One in four adults in the U.S. suffer from a diagnosable mental disorder in a given year—over 57.7 million people. A much smaller share of this group, about 6%, suffer from a severe and persistent mental illness, such as schizophrenia, bipolar disorder, obsessive compulsive disorder or major depression. My friend Lisa Guidetti is working on a documentary on the issue and is looking to raise finishing funds for editing and post production on the film. So check out the trailer if you're interested, and consider helping.
Lisa:
Lavender Hall is a feature documentary about a residential care home housing a wild bunch of irreverent residents with backgrounds from pianist to plastic surgeon. A family-run residential care home in an era of expanding corporate-run facilities, Lavender Hall is an anachronism. So too is its owner, Bill Kopec, with his drill sergeant-like approach to caring for residents. Founded and run by Bill’s mother in the seaside town of Wildwood, NJ, Bill struggled to keep his mother's dream alive after her death. After almost 50 years of caring for incongruous residents, most from Ancora, the local psychiatric institution, Bill Kopec is closing Lavender Hall. He managed the home every weekend on top of being a full-time Executive at Xerox. But with Bill now older than most residents, and no family member willing to take over, the home will be demolished to make way for condos. Numerous Lavender Hall residents battle serious problems. Linda, the youngest resident at 52, is a chronic alcoholic, bi-polar, with an eating disorder. Some, like Joel, have been at Lavender Hall for more than 19 yrs, and at 62 composes and performs dozens of original operettas and musical theatre works, despite his severe autism. This dysfunctional family of 14 residents will be made homeless in 4 months unless their only advocates, Bill Kopec and his daughter Renée, can navigate the medical insurance labyrinth to find them new homes. Lavender Hall is a frequently funny and occasionally disquieting portrait of the oddball residents and their equally eccentric carers. We reveal the challenges of the enduring life on the invisible margins of society, when you are considered either too old or too crazy for anyone to care what you do.

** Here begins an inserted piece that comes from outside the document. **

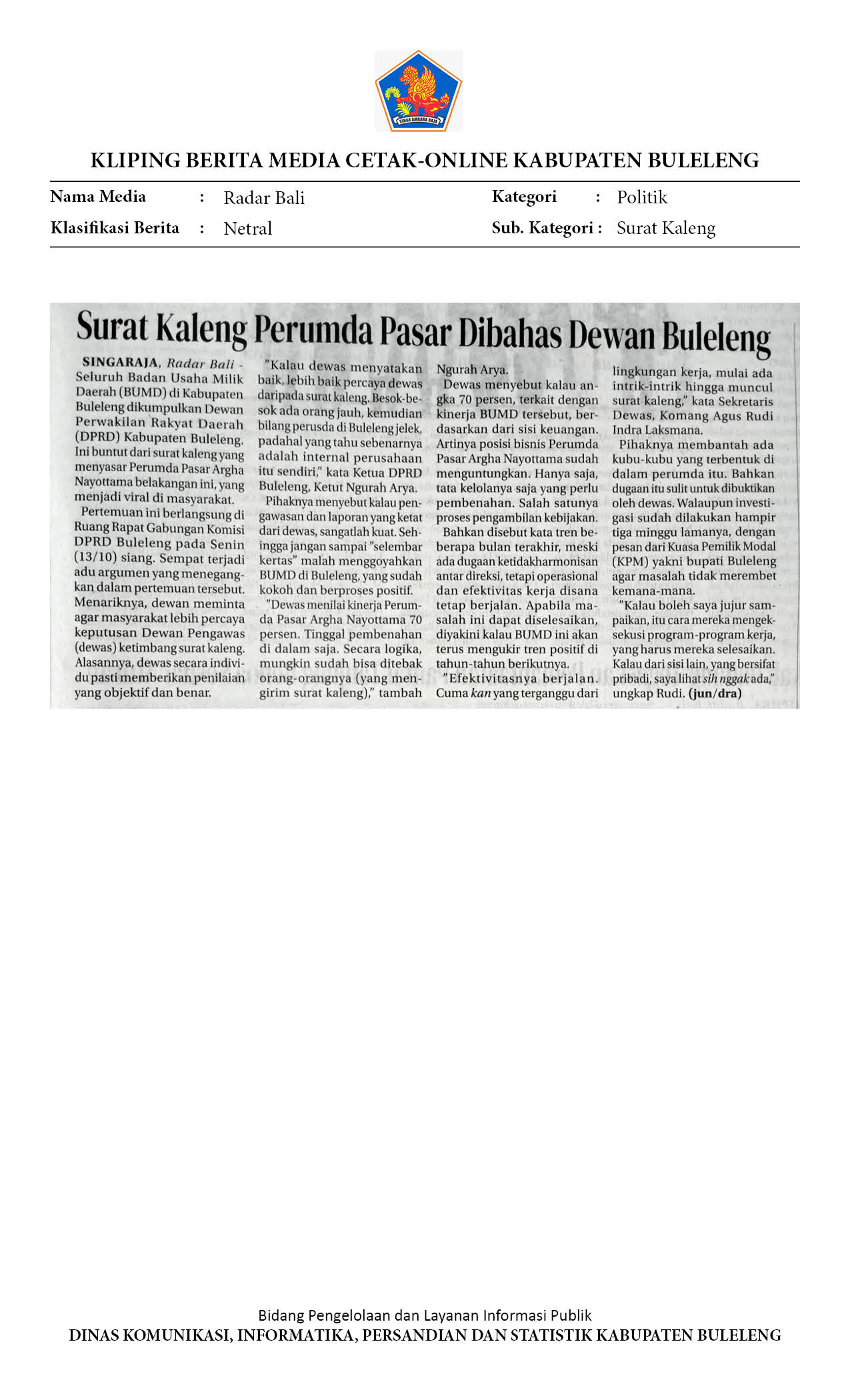 SURAT KALENG PERUMDA PASAR DIBAHAS DEWAN BULELENG

Lavender Hall’s residents represent two growing problems in the US: how to care for an aging population that cannot afford care for themselves, and the lack of support available to those with mental health or addiction problems, many of whom are elderly. Too many are housed in secure psychiatric units instead of having access to supported independent living or residential homes. And upon Lavender Hall’s closing, many of the residents could be re-institutionalized, overmedicated, and placed at the mercy of a system that erodes their independence and control of their lives. Normally off limits to cameras, this film’s unprecedented access to a privately run facility hopes to cross that threshold of crazy and breach that lonely aging divide. But as Debbie the Care Assistant warns, “If you're not crazy when you come in, you're crazy when you leave!”